第5話
大輝は帰宅すると自分の部屋のベッドに転がって天井を眺めた。芽衣の感触が手や唇に残っている。
あのときは意味なんか何も考えなかった。磁石同士が引き寄せられるように、自然と身を寄せあったのだが、芽衣と別れてひとりでいるとあの抱擁とキスがどういう意味を持っているのか、芽衣の意図は何だったのが気になった。
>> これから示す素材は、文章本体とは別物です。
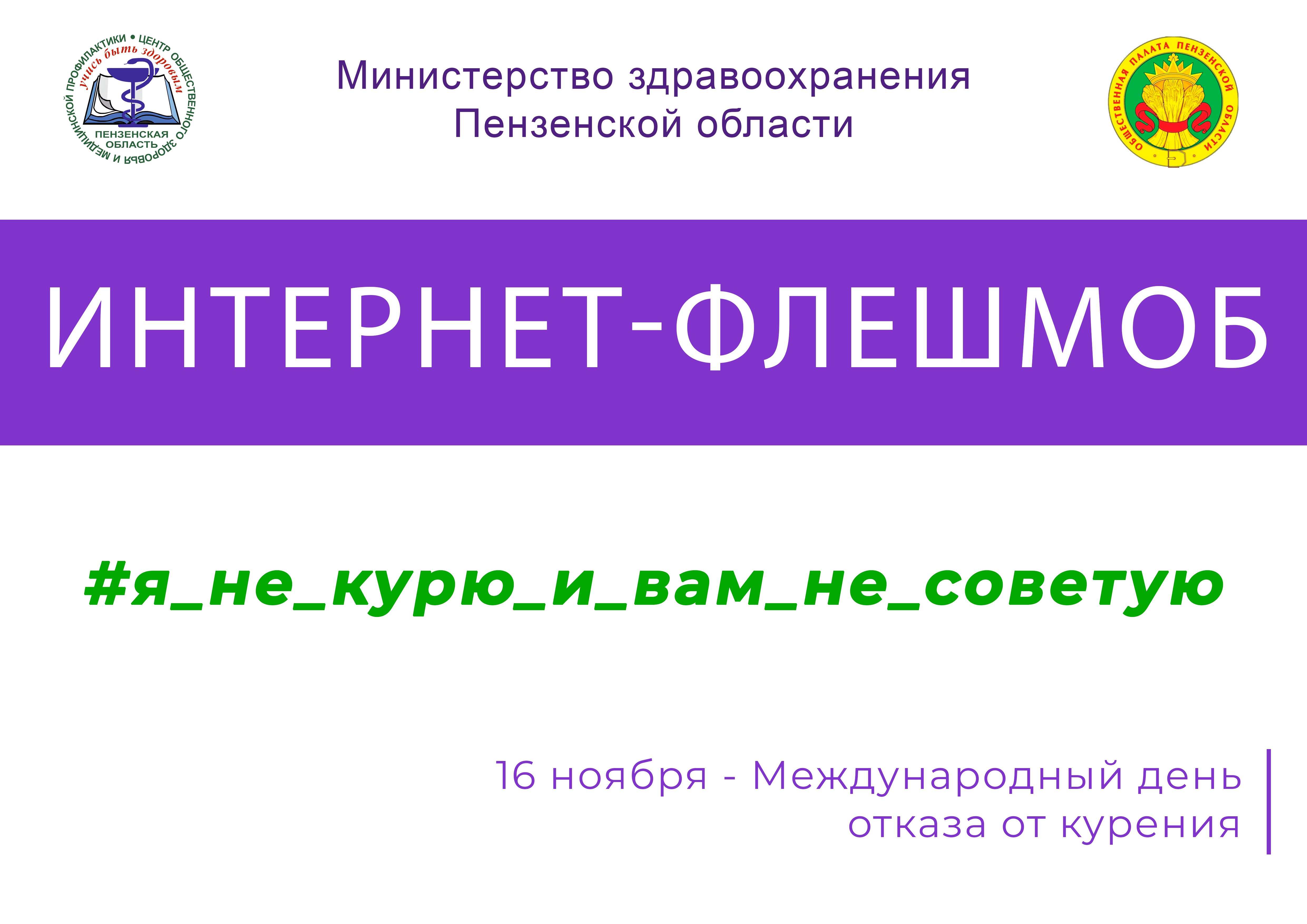 В преддверии значимой даты, которая в этом году выпадает на 16 ноября, в Пензенской области стартует флешмоб в социальных сетях #Я_НЕ_КУРЮ_И_ВАМ_НЕ_СОВЕТУЮ, инициатором которого стало Министерство здравоохранения Пензенской области.

彼氏の嫉妬深さや拘束するような言動に嫌気がさしていたところ、たまたまそのタイミングで疎遠になっていた幼なじみと再会した。何度か会っているうちに彼のことが気になるようになった。もしそうなら嬉しい。
無理もないことだが、芽衣と再会してから二度も彼女を抱擁したこともあって、大輝も芽衣のことが頭から離れなくなっていた。ただ、いくら何でもそれは楽天的な妄想だろうという気もする。彼氏の愚痴を聞いたくらいで、芽衣が彼氏と別れたがっていて、自分に気があると考えるのは思考の飛躍ではないか。
でもそれならなぜ、二度も彼と抱き合って、今日はキスまで許してくれたのか。それとも本心では怒っていたのか。そう考えると彼は芽衣に一方的にセクハラしたのかもしれない気がしてきた。彼女は幼なじみに対して強く拒絶できなかっただけなのではないのか。
このあたりの話はいくら考えても結論の出るものではなかった。それこそ芽衣本人に聞くしか答えは出ないだろう。回答のない思考の繰り返しに陥った大輝はいつの間にか寝てしまっていた。
翌日の夕方、大学の講義のあと大輝は再び待ち合わせをしたファミリーレストランを訪れた。
「秋田さん、こんにちは」
「朝倉さん」大輝はすでに席に着いていた美咲の方に向かいながら言った。「待たしちゃってごめん」
「いいえ。わたしも今来たとこです」
おととい三人で会ったファミレスで、大輝は美咲の向かいの席に座った。
ここまでのやりとりは、何だか恋人同士の有名なやりとりを男女逆にしたような感じで現実感がない。朝倉美咲と会うのは三度目だけど、二人きりで会うのは初めてだった。
今朝、大輝は起きてすぐに美咲からLINEのメッセージが来ていたことに気がついた。未読のまま六時間くらい放置してしまっていたその内容は、今日どこかで会えないかというものだった。芽衣のことで相談があるということなので、彼は了解するメッセージを送信すると、待っていたかのようにすぐに感謝と待ち合わせ時間と場所を問い合わせる返信が来た。
可愛い女の子からの誘いとか、以前の大輝なら舞い上がって喜んでいただろう。でも、芽衣と抱き合ってキスした後だと、心は全然浮かれない。芽衣のこと気にしすぎてるからだ。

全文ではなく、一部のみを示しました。